-- Data block --

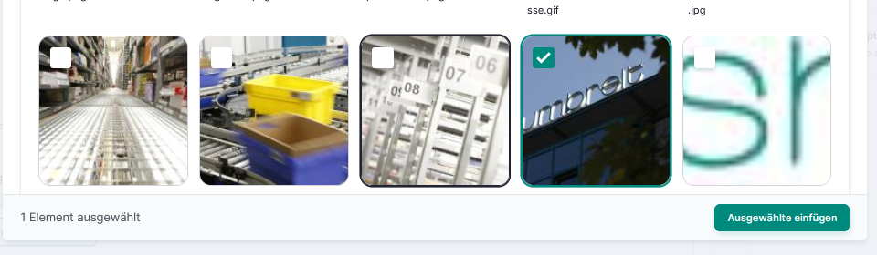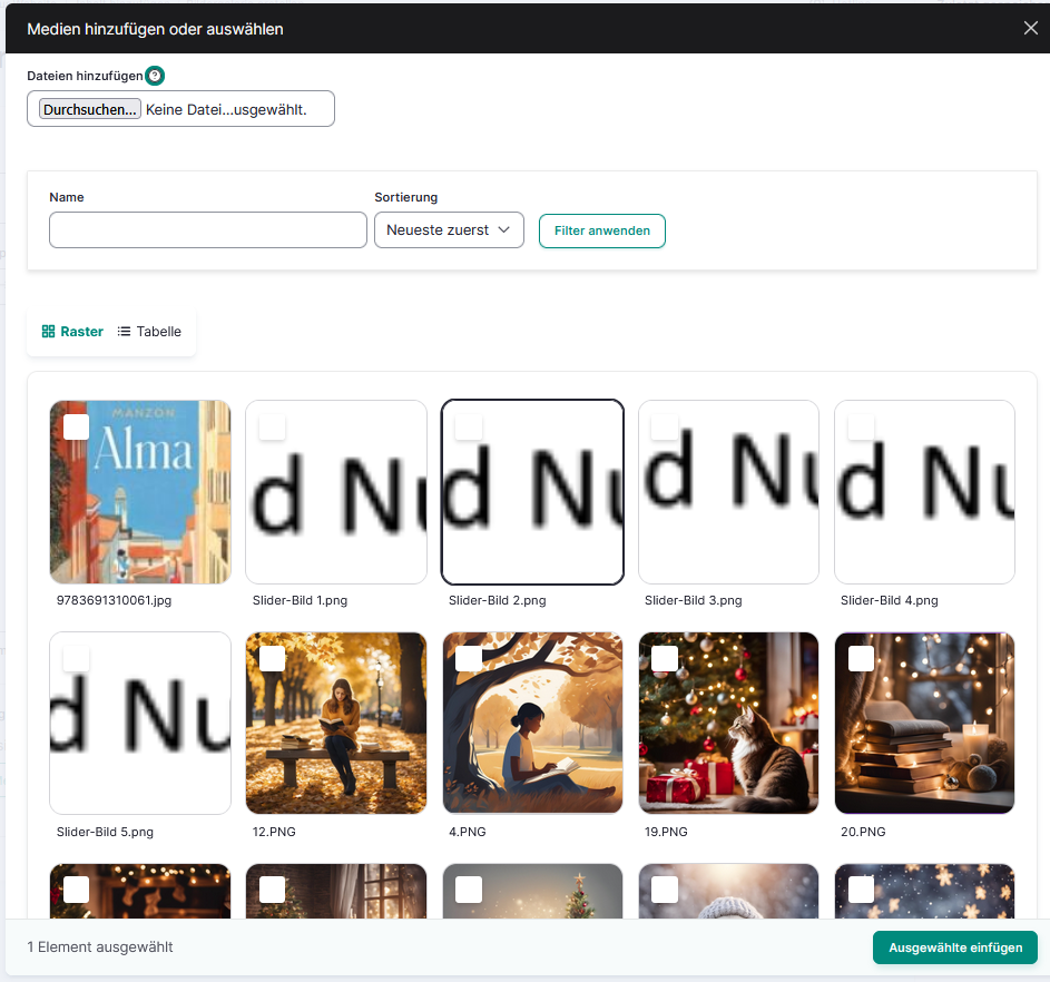 Unten in der Maske werden die bereits in der Medienbibliothek gespeicherten Bilder und Dateien aufgelistet. Setzen Sie einen Haken in das Kästchen des ausgewählten Bildes und über den Button
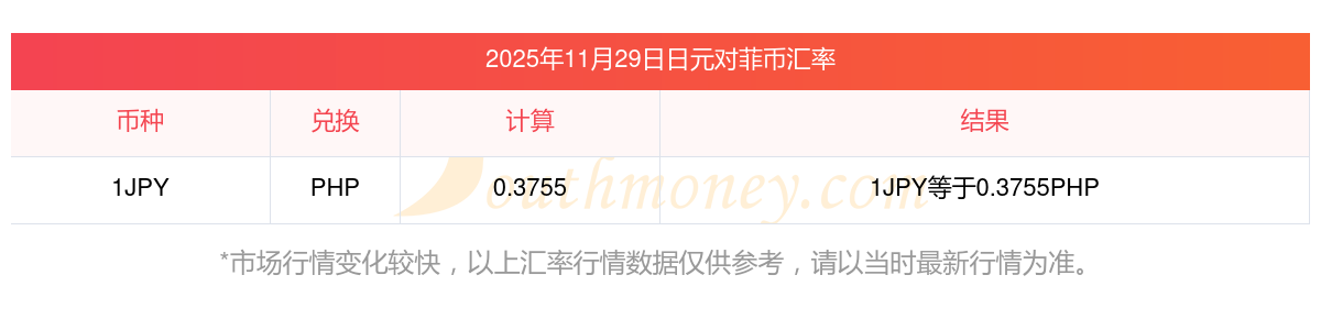 日元和菲幣兌換匯率_實時匯率查詢 2025年11月29日
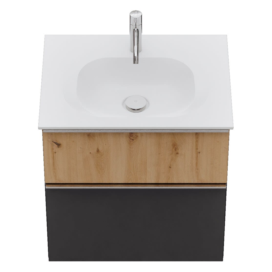 - 1 Schublade oben: 35 cm tief, mit Siphonausschnitt und Inneneinteilung
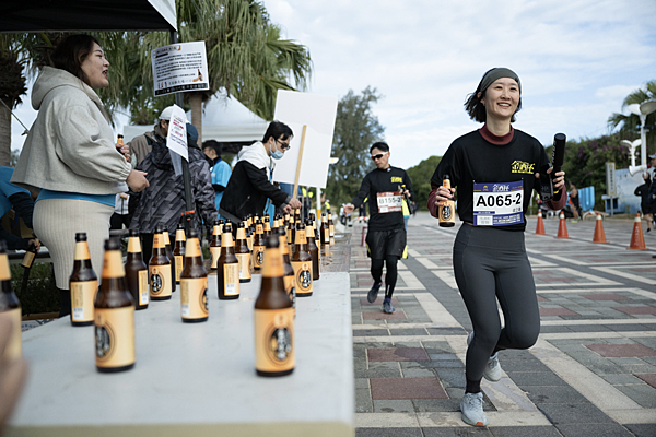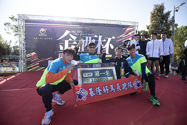 ▲ 金酒杯接力賽第一名的隊伍是基隆好馬長跑隊,成績為20分02秒,獲得10萬元等值酒品

-- Problem requirements --
A word-for-word copy of the lines from the one with "- 1 Schublade" through the last line of the data above is required, with both end lines included and no pictures.

-- Result of this exercise --
 - 1 Schublade oben: 35 cm tief, mit Siphonausschnitt und Inneneinteilung
 ▲ 金酒杯接力賽第一名的隊伍是基隆好馬長跑隊,成績為20分02秒,獲得10萬元等值酒品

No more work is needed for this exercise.